Competition Chairs: Matt Stoll, University of Minnesota and Jessica Haupt, University of Minnesota
The Great Medtech Pitch Competition offers a unique opportunity for researchers, inventors, and entrepreneurs to present their innovations to industry veterans and leaders in the fields of medical technology R&D, marketing, and commercialization to compete for:
- Grand Prize = $5,000
- 2nd Place = $2,500 (Sponsored by Avio Medtech Consulting)
Click the dropdown below for additional information.
Presentation Details
Grand Prize: Meld Bio
Up to 7 million people die annually from a lack of access to dialysis, the life-saving treatment for kidney failure. Peritoneal dialysis (PD) is a home-based treatment that can lower the financial, time, and transportation barriers to care compared to conventional 3x weekly in-hospital hemodialysis. However, only 11% of global dialysis patients receive home PD. A major limitation to PD adoption is a lack of access to the large volumes of PD fluid required for treatment (~250 L/patient monthly), particularly in rural U.S. facilities and low- and middle-income countries where there is the highest demand for home-based care. PD fluid is over 95% water-for-injection (WFI). Instead of shipping ‘water’ around the world from centralized manufacturing facilities, Meld Bio is developing a system for decentralized PD fluid manufacturing at a pharmacy scale (100 L/h). Leveraging findings from >200 customer discovery interviews, our system will: (i) produce WFI, (ii) mix in active pharmaceutical ingredients, (iii) inhibit microbial growth, and (iv) aseptically fill sterile bags. A novel alternative to heat sterilization ensures the sterility of the packaged fluid. Meld Bio’s technology offers superior scalability, reliability, and fluid stability at a competitive price to support home PD expansion globally.
Carolyn Bernemann
Co-Founder & CEO, Meld Bio
PhD Candidate, Mechanical Engineering, University of Minnesota
Bio: Carolyn Bernemann is the Co-Founder and CEO of Meld Bio, a startup developing technology for decentralized manufacturing of peritoneal dialysis fluid and other large volume parenterals. This technology has spun out of her research at the University of Minnesota, where Carolyn is a PhD Candidate in Mechanical Engineering under the supervision of Prof. Natasha Wright. She is passionate about human-centered design, translational research, and improving global access to life-saving medical care. Carolyn received her B.S. in Mechanical Engineering from Iowa State University and M.S. in Mechanical Engineering from the University of Minnesota.

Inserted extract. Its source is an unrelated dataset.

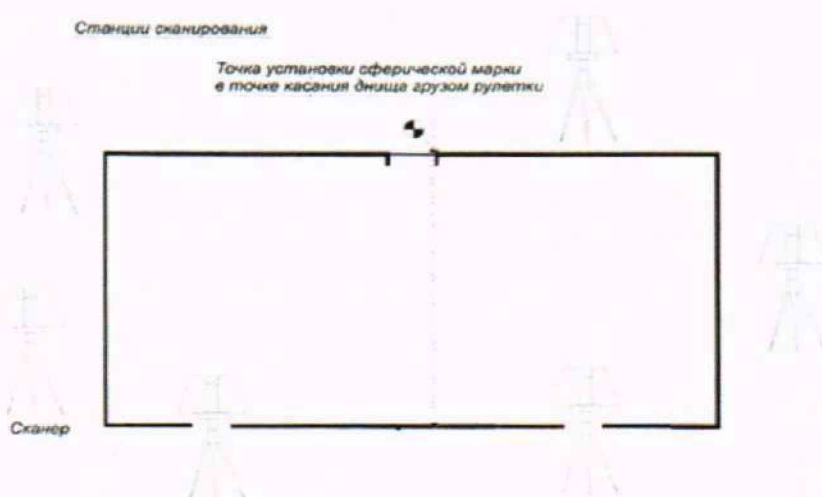
Рисунок А.3 - Схема сканирования внешней поверхности резервуара

2nd Place: Vascudyne Living Tissue
Vascudyne Living Tissue: Creating Lasting Cures
Cardiovascular disease is the leading cause of death worldwide, yet critical gaps persist in how we treat it across the entire age spectrum. For adult patients, no off-the-shelf vascular graft exists to serve more than 600,000 adult bypass surgeries performed each year, a procedures that still depend on harvesting a patient's own vessels, with graft failure rates exceeding 40%. In patients, the gap is even more profound: over 40,000 children are born annually in the U.S. with congenital heart defects requiring surgical repair using synthetic or fixed-tissue grafts that cannot grow with the child, condemning them to repeated open-heart surgeries throughout their lives.

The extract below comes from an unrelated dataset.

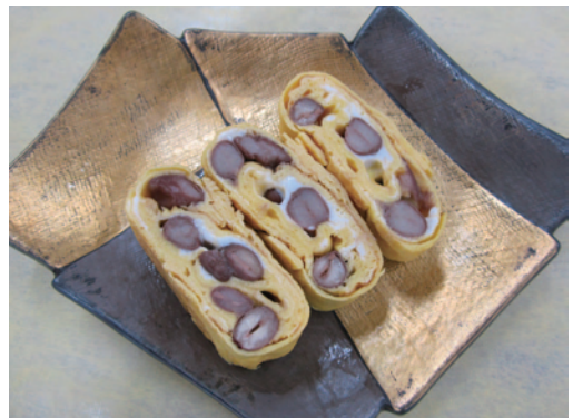
金時豆の伊達巻きたまご

Vascudyne has developed a bioengineered, off-the-shelf vascular graft built from a human collagen matrix that, once implanted, repopulates with host cells and remodels into living, functional tissue. In adults, this means a regenerative alternative that eliminates the need for vessel harvesting and improves long-term durability. In children, it means something no current technology can offer: a graft capable of somatic growth. A potential cure for congenital heart disease rather than a lifetime of reoperations. Vascudyne is poised to transform cardiovascular care across the age spectrum, addressing a multibillion-dollar global market that remains fundamentally underserved.
Mariah McMahon, BS
Director of R&D
Vascudyne
Bio: Mariah has over a decade of expertise in cell culture, having worked in both academic settings and large-scale biomanufacturing. Currently, Mariah leads research and development at Vascudyne, where she plays a hands-on role in advancing innovative cell-based solutions for medical applications.
In-line Blood Filtration: Device for Transfusions
Blood transfusions commonly cause elevated potassium levels in patients due to potassium release from older and dying red blood cells (RBCs). Transfusion-associated hyperkalemia is linked with increasing blood bag age and can cause life-threatening cardiac events. This is especially important in vulnerable populations such as neonates, infants, and children, who lack blood volume and mature compensatory mechanisms for handling electrolyte fluctuations. Currently, healthcare professionals need to weigh this risk when deciding whether to provide or delay the administration of blood, which can be a life-saving measure.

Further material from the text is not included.